### Work instruction
Look below for the line that contains "皓宠袋装冻干猫狗通用4种口味多肉源有益猫狗健康冻干宠物零食" and the line that contains "平(5画)安(6画)山(3画) 俊(9画)文(4画)", then restate both of them and every line in between, exactly. No picture goes in the copy.
Start of Records shown
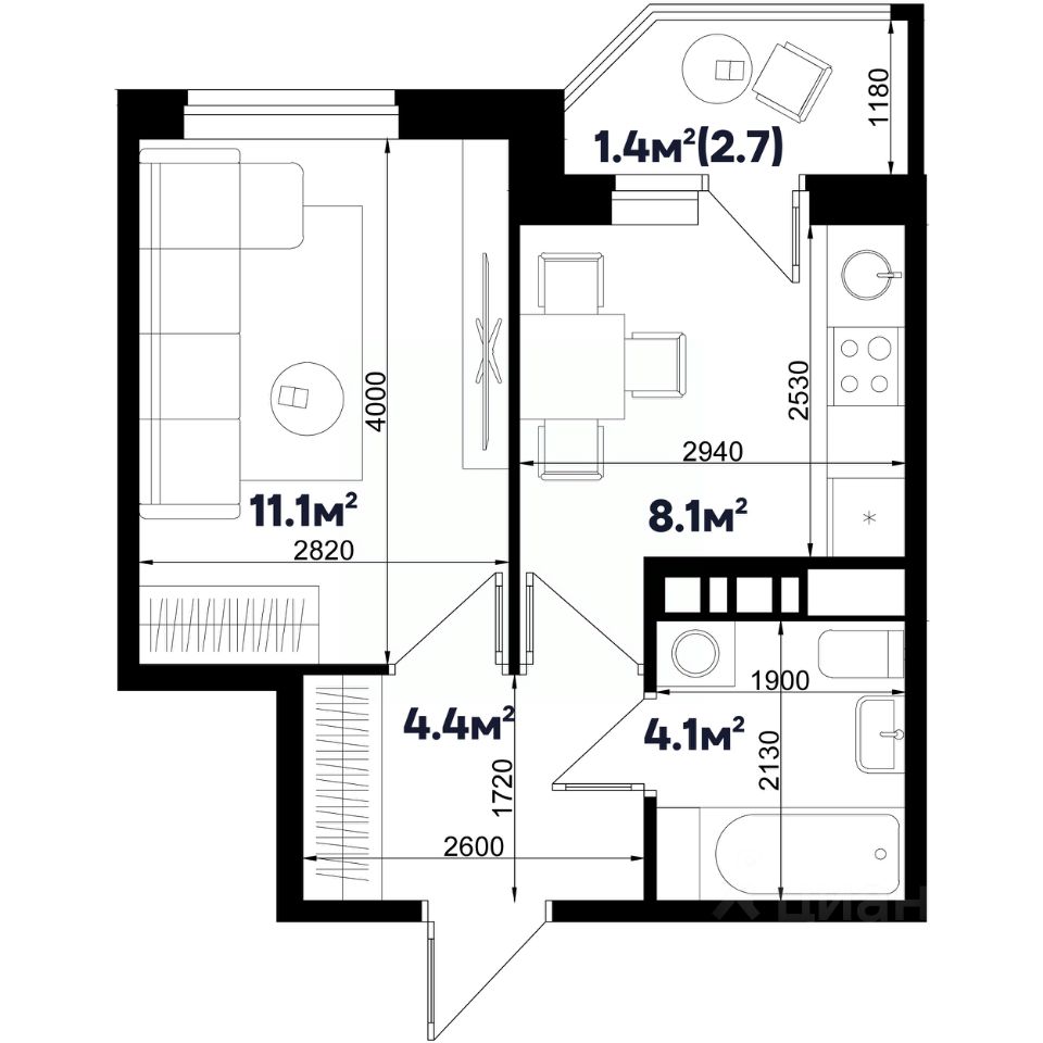 Общая площадь29,1 м²
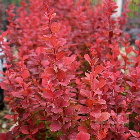Барбарис Тунберга Венис – уникальный, яркий, лицензированный сорт с компактной колонновидной формой и жесткими побегами. В высоту достигает около 80-100 см. Цвет листьев меняется трижды в год: весной малинового цвета, летом становятся красноватыми с интересным расплывчатым узором, а осенью окрашиваются в насыщенно-бордовый. Цветет Барбарис Венис в мае-июне желтыми цветочками. Плоды имеют красный цвет, которые долго хранятся на кустике. Для получения более яркого цвета – барбарис необходимо высаживать на солнышке, чем больше света, – тем более насыщенный цвет листвы. Барбарис Тунберга Венис - неприхотливый, любит дренируемую, влажную почву.
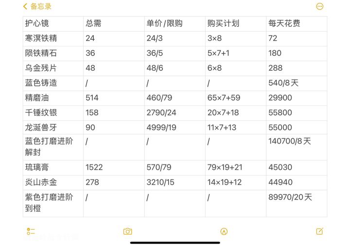 20天打造橙色护心镜前8天每天花费23万黄金加540鬼心岩,后12天每天花费9万黄金。
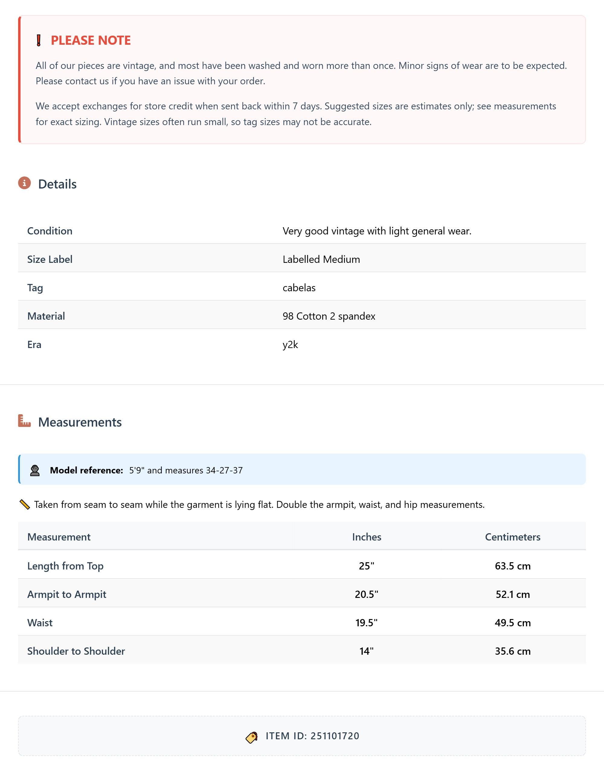 Suggested sizes are estimates only; see measurements for exact sizing. Vintage sizes often run small, so tag sizes may not be accurate.
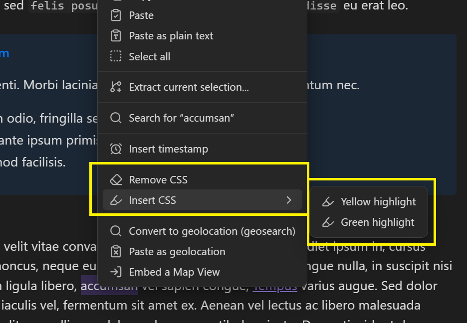 - Right-click the note (on desktop) or perform the command Show context menu under cursor to open the Context menu. Enabled snippets will appear there. Select Insert CSS and then the snippet you want to apply, or select Remove CSS to remove the applied CSS snippet.
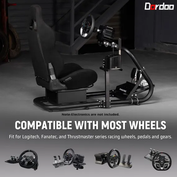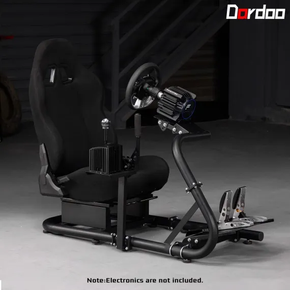 Dardoo racing simulatior cockpit is made of high-strength alloy steel material, with a surface treated with black metal powder coating, which has excellent wear resistance and rust prevention performance; Equipped with a multi angle adjustable two-stage steering wheel platform, customizable pedal and shift lever angles, suitable for mainstream devices such as Logitech, Fanatec, Thrustmaster, etc., compatible with direct drive steering wheel installation, meeting diverse driving needs.
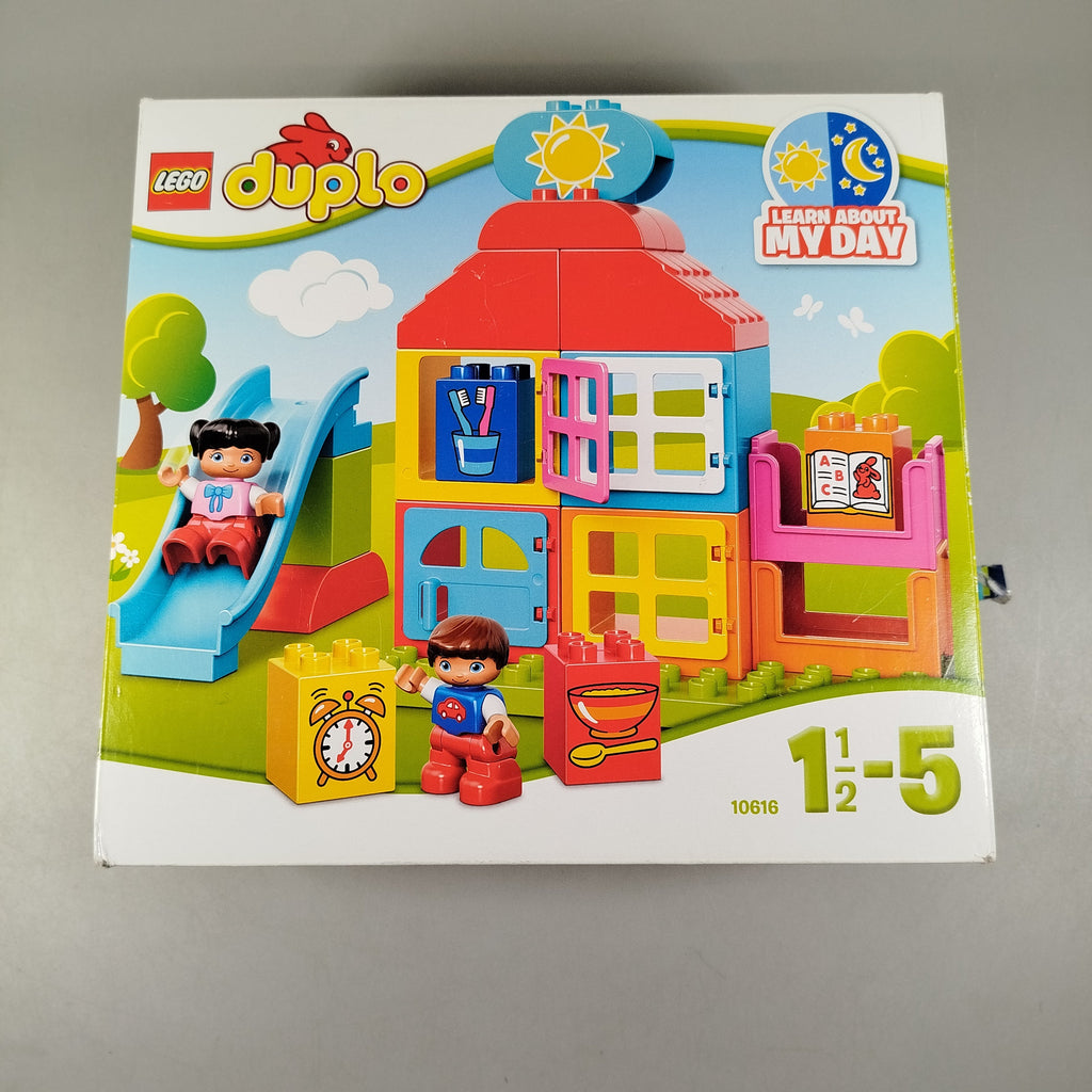 Hol dir das LEGO DUPLO Set Learn About My Day 10616 und entdecke spielerisch den Tagesablauf. Mit bunten Bausteinen, Figuren und Zubehör können Alltagssituationen nachgebaut und benannt werden. Ideal für Kinder von 1½ bis 5 Jahren, um erste Rollenspiele zu erleben. Das Set ist vollständig und in sehr gutem Zustand mit Originalverpackung. Gib diesem langlebigen Spielzeug ein neues Zuhause und fördere spielerisch das Lernen über den Tag.
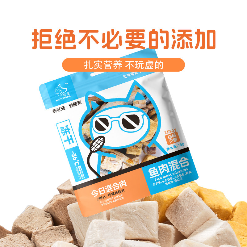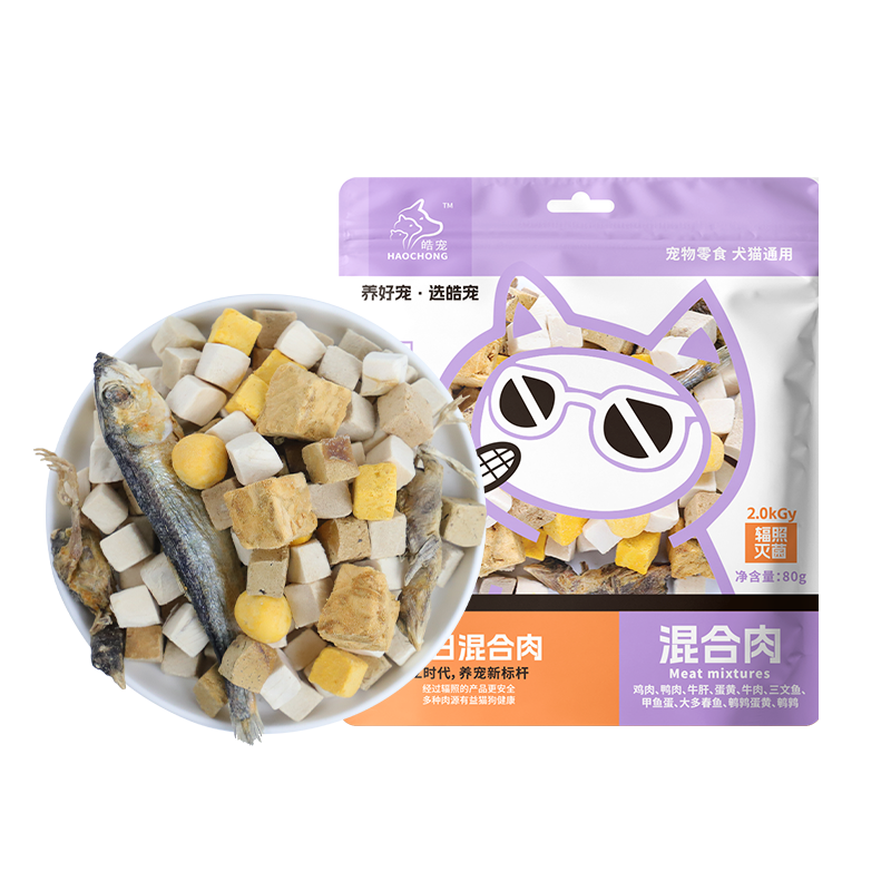 皓宠袋装冻干猫狗通用4种口味多肉源有益猫狗健康冻干宠物零食
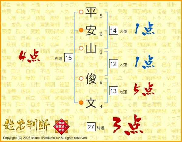 平(5画)安(6画)山(3画) 俊(9画)文(4画)
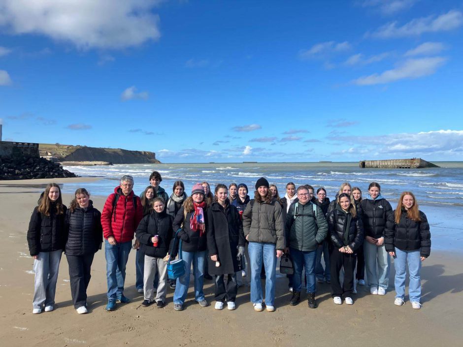 Eine Fahrt in die Normandie ohne Besuch eines Museums, das die Geschichte der Befreiung der Normandie von der Nazibesetzung zeigt, ist kaum vorstellbar; deshalb stand diesmal das frisch renovierte und mit interaktiven Elementen ausgestattete „Musée du débarquement“ in Arromanches auf dem Programm, in dem die Schülergruppe – ausgestattet mit Audioguides – alles rund um den D-Day präsentiert bekam. Auch der anschließende Film im 360° Kino über die „Bataille de Normandie“ ließ niemanden kalt. Die hier gewonnenen Eindrücke wurden durch den Besuch der deutschen Geschützbatterien von Longues-sur-mer für die Schülergruppe noch anschaulicher und greifbarer.
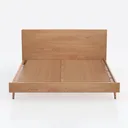 Inspired by Scandinavian minimalism, this bed features warm oak grain with smooth, tactile surfaces and soft, natural tones. Clean lines and a low-profile frame create a serene look. Perfect for modern, Nordic or Japanese bedrooms, pair with linen bedding and woven rugs. The slatted base ensures breathability, while sturdy legs add stability.
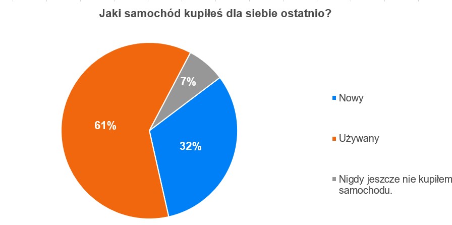 Pozytywnie zaskoczył mnie fakt, że ponad 60% respondentów (głównie klientów Finax) zdecydowało się na zakup używanego samochodu. Stanowili oni aż dwie trzecie wszystkich posiadaczy aut. Jak wcześniej wspomniałem, większość respondentów stanowią nasi klienci.
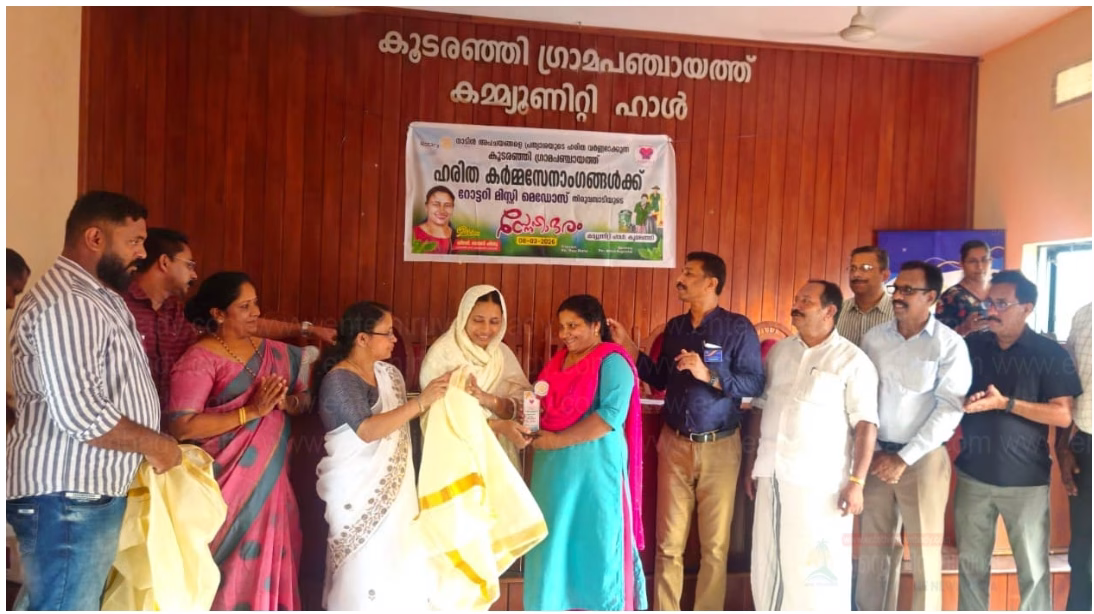 ലോക വനിതാ ദിന ആഘോഷങ്ങളുടെ ഭാഗമായി കൂടരഞ്ഞി പഞ്ചായത്തിലെ മുഴുവൻ ഹരിത കർമ്മ സേനാംഗങ്ങളെയും റോട്ടറി മിസ്റ്റി മെഡോസ് തിരുവമ്പാടി യുടെ നേതൃത്വത്തിൽ കൂടരഞ്ഞി കമ്മ്യൂണിറ്റി ഹാളിൽ സംഘടിപ്പിച്ച ചടങ്ങിൽ വെച്ച് ആദരിച്ചു.
End of Records shown
### Written response
 皓宠袋装冻干猫狗通用4种口味多肉源有益猫狗健康冻干宠物零食
 平(5画)安(6画)山(3画) 俊(9画)文(4画)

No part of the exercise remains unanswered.